Chapter 9: Keeping it real

In Meth Mom

By Meth Mom
Aug. 4, 2017 at 9:43 a.m.
Updated Aug. 4, 2017 at 9:43 a.m.


I've wrestled with the most difficult decision I've ever had to make in my life.  And it shouldn't be this hard. My child has chosen the path he's on.  Not because he wants to be an addict, but because he won't do the heavy lifting necessary to stop using.  My heart breaks for what he has done to his life.  I love him so very much. 
 
I don't know exactly what is going on with his significant other, but it's nothing good. In addition there is a warrant for her arrest. 


So what about the baby?  Innocent. Vulnerable.  Impressionable.  Always mimicking mom and dad.   In language.  In action.
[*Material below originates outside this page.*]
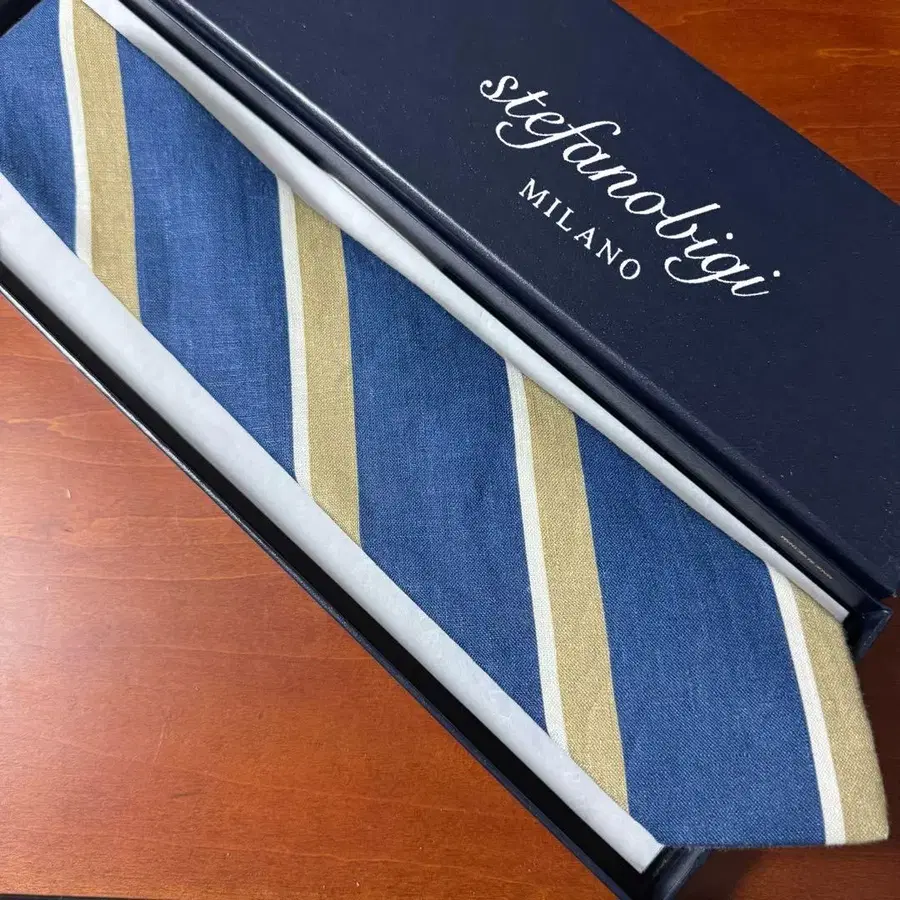 정가 24만 스테파노 비기 린넨 소재 레지멘탈 스트라이프 넥타이

Following the same vampire schedule - sleep all day, up all night. Confused. Angry. No peer friends to play with. No stability. Sleeping wherever a place can be found to lay his little head. 
 
How he loves them!!  And I believe with my whole heart that they both adore him. The Bible says love never fails, but in this case, love is simply not enough.
 
Somebody has to rescue this precious child. And if not his grandmother, then who?  I don't trust CPS. I fear placement in foster care.  I will likely have to battle other family members. But I must do whatever I can to take this baby out of the terrible situation he is in.   If you are a person of faith, please pray for all of my family. It will likely be fractured beyond repair. 
 
God, please, give me the strength, resolve, and means to do what must be done. Help me get my grandson to a safe, stable place.